Attorney Fees and the American Rule

on 08/25/2015 by Clayton Jipping

Attorneys Fees and the American Rule

When litigating in the United States, the general rule is that each party pays for its own attorney’s fees. This is called the American Rule. This means that the losing party does not pay for the winning party’s attorney’s fees. The reasoning behind this rule is that individuals or organizations should not be prevented from bringing a potentially meritorious case to court due to the fear that should they lose, they will have to pay the attorney’s fees of the opposing party.

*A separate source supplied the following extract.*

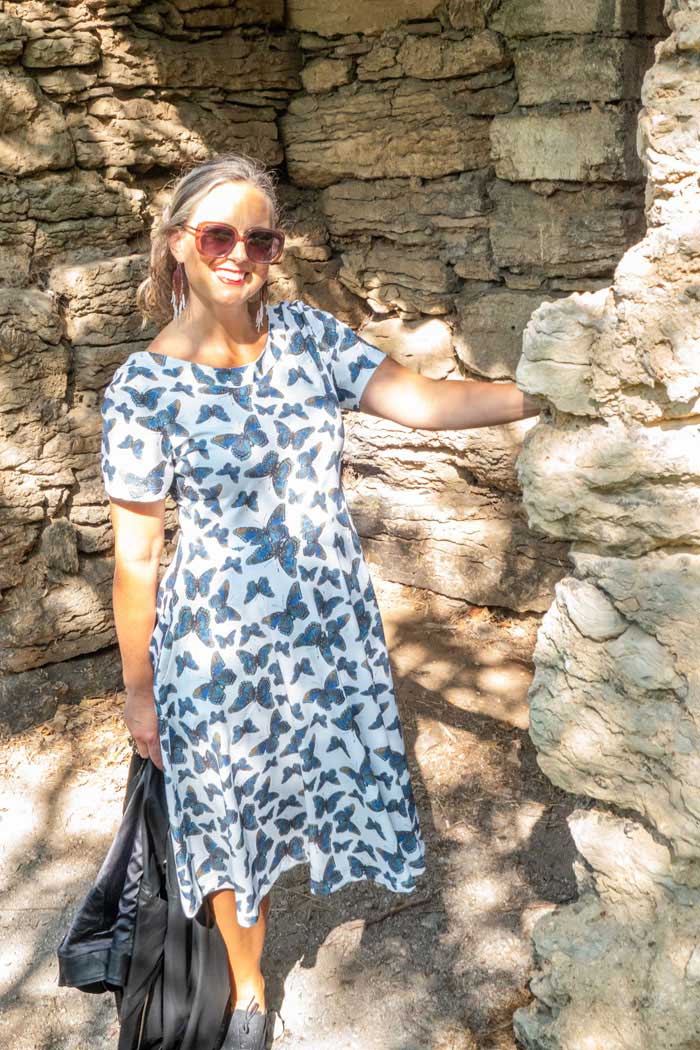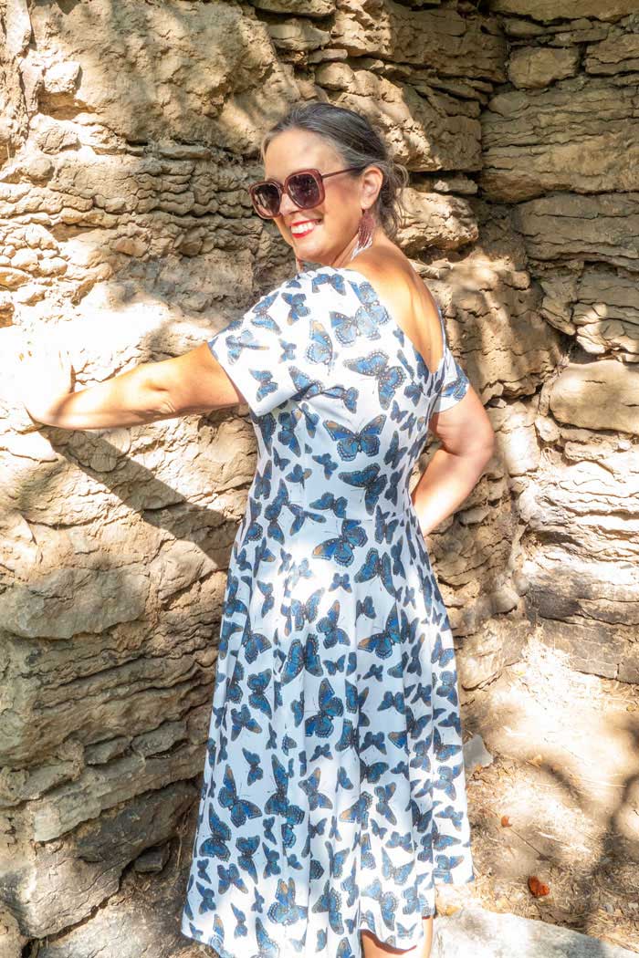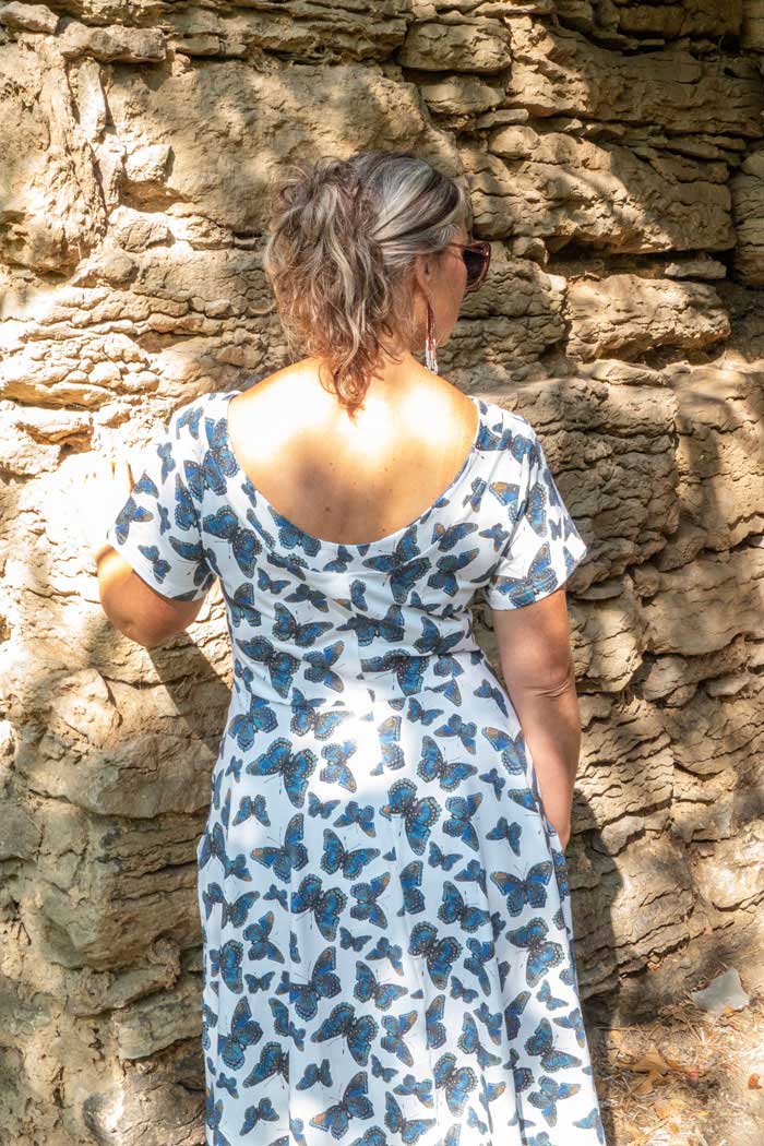 Malin är en klassisk romantisk klänning med en utsvängd kjol som har fickor. Hon har en smickrande båtkrage fram och en djupare u-formad urringning bak tillsammans med en kort ärm. Passformen är kroppsnära på överdelen ner till midjeskärningen och sen är kjolen klockad och sitter löst mot kroppen. Malin är den perfekta klänningen för varma sommardagar och är supersnygg att matcha med en kofta för kallare väder. En året runt-klänning att älska i många år.

As with many other legal concepts or rules, there are exceptions to the American Rule. One is the statutory exception. Some states have statutes that allow for the winner of certain causes of action to recover attorney’s fees from the losing side. For example, the North Carolina General Statutes allow a prevailing party to recover attorney’s fees from the losing party in an action brought under Chapter 75 of the Unfair and Deceptive Acts law, and in Michigan a prevailing party to a statutory conversion claim brought under M.C.L. 600.2919a may be awarded attorney’s fees. A second exception to the American Rule is the contractual exception, where the parties in a lawsuit have a contractual arrangement which dictates how attorney’s fees will be assessed in potential litigation.

The opposite of the American Rule is the English Rule, which requires the losing party to pay the prevailing party’s attorney’s fees. This is not the default rule in the United States, but has been suggested as a potential means of tort reform.